* [TASK DETAILS]
Produce an exact copy of all the data below, dropping every image.

* [DATA BLOCK]
=== Section Start ===

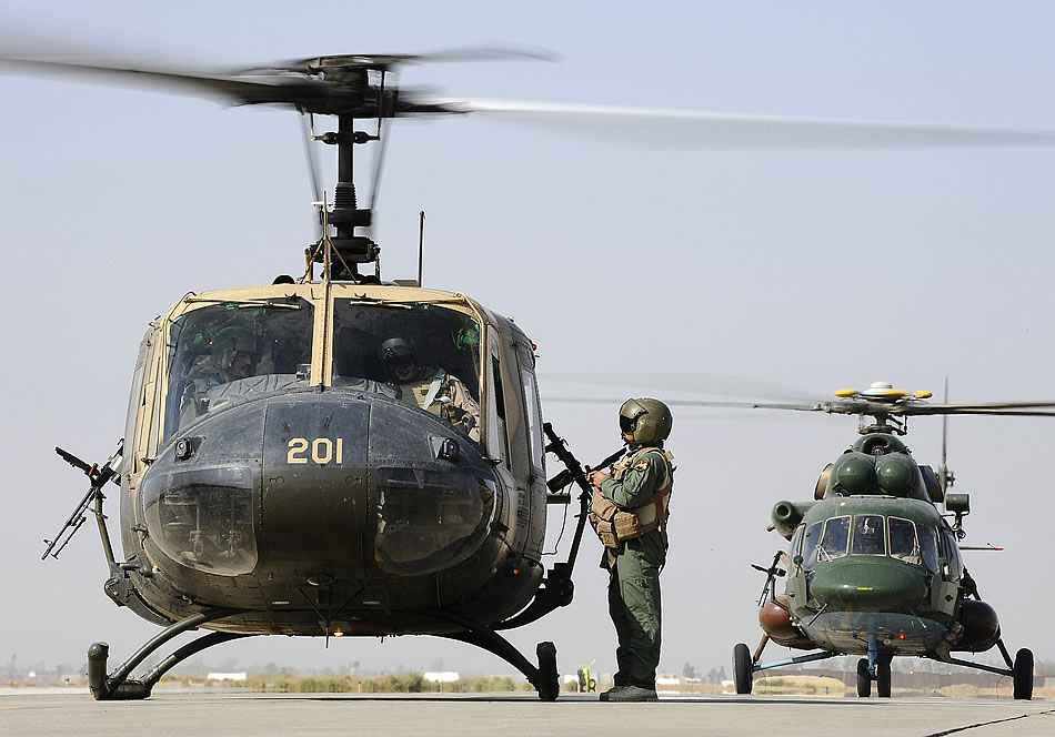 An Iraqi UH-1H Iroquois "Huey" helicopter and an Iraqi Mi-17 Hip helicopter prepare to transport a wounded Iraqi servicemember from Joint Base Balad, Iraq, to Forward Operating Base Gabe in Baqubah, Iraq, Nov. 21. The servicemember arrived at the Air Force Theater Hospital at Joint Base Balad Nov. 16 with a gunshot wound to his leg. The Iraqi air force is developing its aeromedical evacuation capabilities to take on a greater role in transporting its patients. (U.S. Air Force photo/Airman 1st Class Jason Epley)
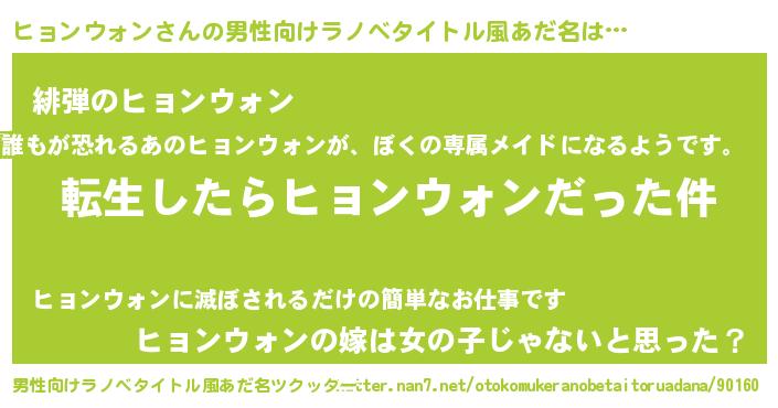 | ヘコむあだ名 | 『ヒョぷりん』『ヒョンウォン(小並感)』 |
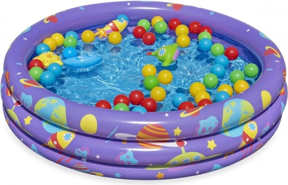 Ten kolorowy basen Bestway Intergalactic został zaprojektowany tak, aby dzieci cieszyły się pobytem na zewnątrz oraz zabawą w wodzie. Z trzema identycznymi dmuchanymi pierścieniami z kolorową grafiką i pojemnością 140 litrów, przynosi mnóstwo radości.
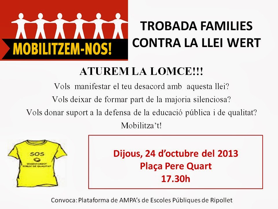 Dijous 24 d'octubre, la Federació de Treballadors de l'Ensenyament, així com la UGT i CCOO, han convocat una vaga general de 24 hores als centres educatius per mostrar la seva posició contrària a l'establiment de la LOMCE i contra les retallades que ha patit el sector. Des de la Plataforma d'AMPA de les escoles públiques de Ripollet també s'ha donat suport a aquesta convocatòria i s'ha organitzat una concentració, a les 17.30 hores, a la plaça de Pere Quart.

=== Section End ===

* [EXERCISE RESULT]
 An Iraqi UH-1H Iroquois "Huey" helicopter and an Iraqi Mi-17 Hip helicopter prepare to transport a wounded Iraqi servicemember from Joint Base Balad, Iraq, to Forward Operating Base Gabe in Baqubah, Iraq, Nov. 21. The servicemember arrived at the Air Force Theater Hospital at Joint Base Balad Nov. 16 with a gunshot wound to his leg. The Iraqi air force is developing its aeromedical evacuation capabilities to take on a greater role in transporting its patients. (U.S. Air Force photo/Airman 1st Class Jason Epley)
 | ヘコむあだ名 | 『ヒョぷりん』『ヒョンウォン(小並感)』 |
 Ten kolorowy basen Bestway Intergalactic został zaprojektowany tak, aby dzieci cieszyły się pobytem na zewnątrz oraz zabawą w wodzie. Z trzema identycznymi dmuchanymi pierścieniami z kolorową grafiką i pojemnością 140 litrów, przynosi mnóstwo radości.
 Dijous 24 d'octubre, la Federació de Treballadors de l'Ensenyament, així com la UGT i CCOO, han convocat una vaga general de 24 hores als centres educatius per mostrar la seva posició contrària a l'establiment de la LOMCE i contra les retallades que ha patit el sector. Des de la Plataforma d'AMPA de les escoles públiques de Ripollet també s'ha donat suport a aquesta convocatòria i s'ha organitzat una concentració, a les 17.30 hores, a la plaça de Pere Quart.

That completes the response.